▶ [DESCRIPTION OF THE TASK] Restate word for word the lines below from the one that has "- Insulated —" through the one that has "しかし、トカゲは、カナヘビと", keeping both and dropping all pictures.

Saved entries:

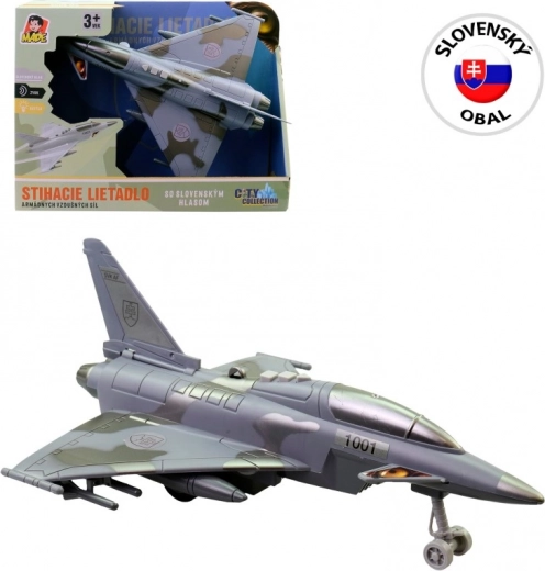 Ez a valósághűen kidolgozott vadászgép minden kis repülésrajongót elbűvöl. Elég egy lökés, és a lendkeréknek köszönhetően elindul, miközben a LED fények és az autentikus hangok megteremtik az izgalmas játék hangulatát. A stabil futómű szabadon forgó kerekekkel biztosítja a sima mozgást a padlón.
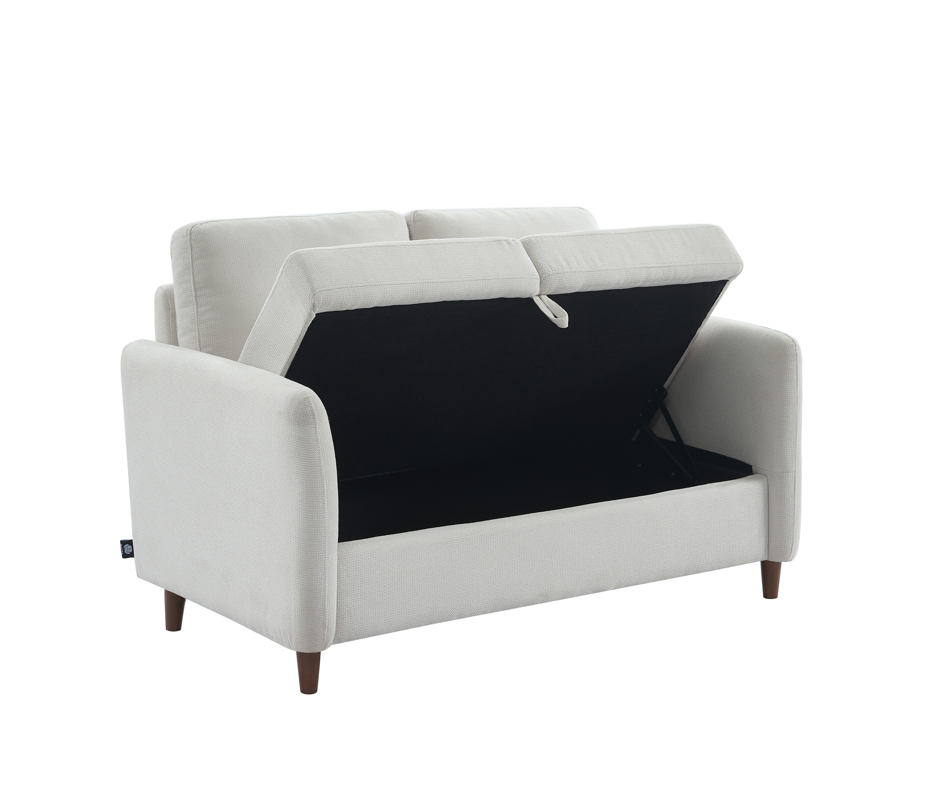 Canapé droit LUCIEN fixe avec coffre de rangement tissu beige 2 places
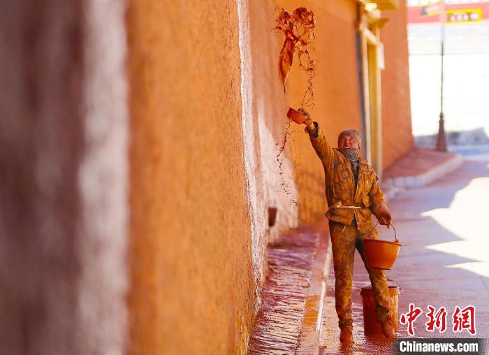 11月上旬,夏河縣拉卜楞寺內(nèi),匠人用傳統(tǒng)潑灑方法為寺院墻壁“美顏”。 高展 攝
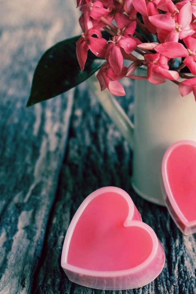 Wallpaper Pink flowers in a white vase and two pink hearts
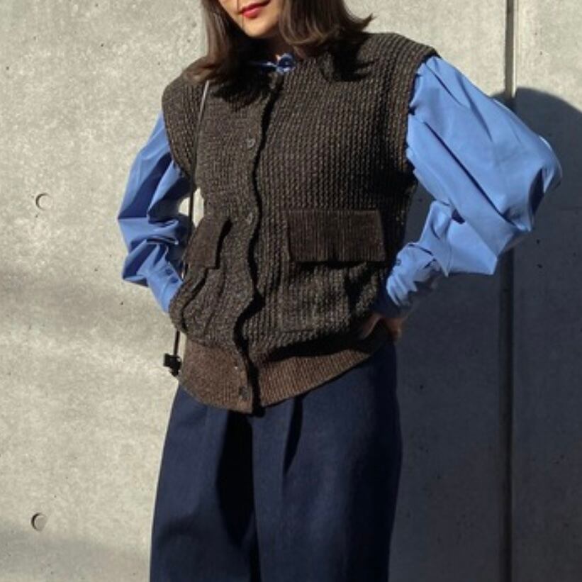 レイヤードスタイルが華やかに映えるツイード風ニットベストが登場。
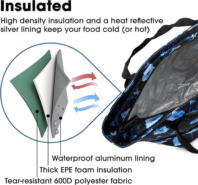 - Insulated — High density insulation and a heat reflective silver lining keeps your food cold (or hot) in this thermal lunch bag
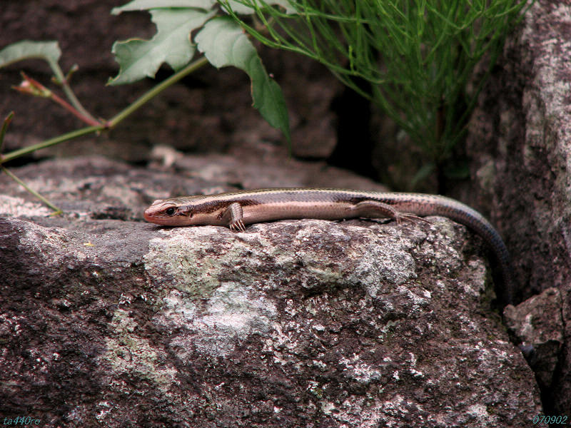 しかし、トカゲは、カナヘビと生息環境が微妙にシンクロしているようで案外そうでもなさそうです。トカゲをよく見かけるのは、寺社の石段や民家の石垣、川原なら流れから外れた土手の大きめの自然石の上などのゴツゴツした場所が多く、そのような場所を好んでいるふしがあります。
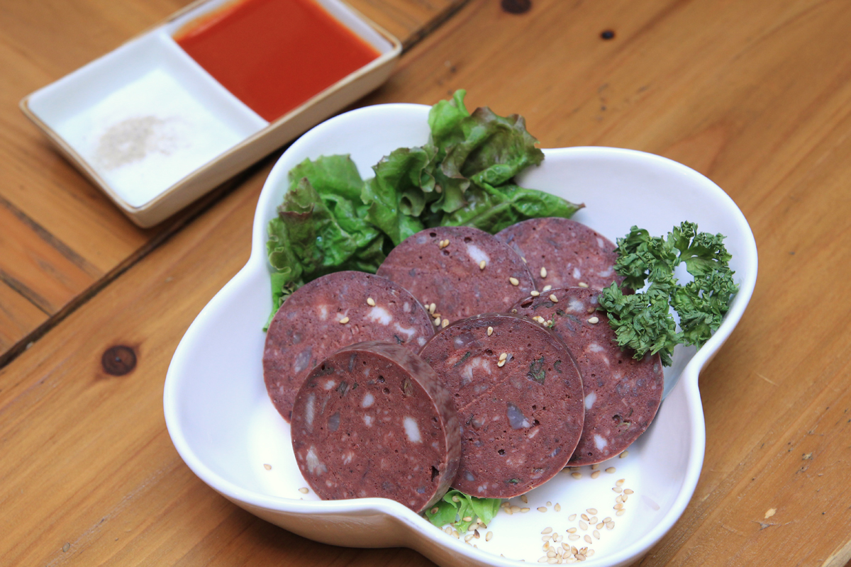 【日本の韓メシ067】済州島式の腸詰め、スエ(수애, 수웨)。標準語ではスンデ(순대)。他地域に比べて野菜の量が少なく、たっぷりの豚の血液とそば粉が入って密度の濃い仕上がりになるのが特徴です。韓国でもなかなか見かけませんが、済州島出身者の多い大阪などで食べられます。

▶ [THE ANSWER]
 - Insulated — High density insulation and a heat reflective silver lining keeps your food cold (or hot) in this thermal lunch bag
 しかし、トカゲは、カナヘビと生息環境が微妙にシンクロしているようで案外そうでもなさそうです。トカゲをよく見かけるのは、寺社の石段や民家の石垣、川原なら流れから外れた土手の大きめの自然石の上などのゴツゴツした場所が多く、そのような場所を好んでいるふしがあります。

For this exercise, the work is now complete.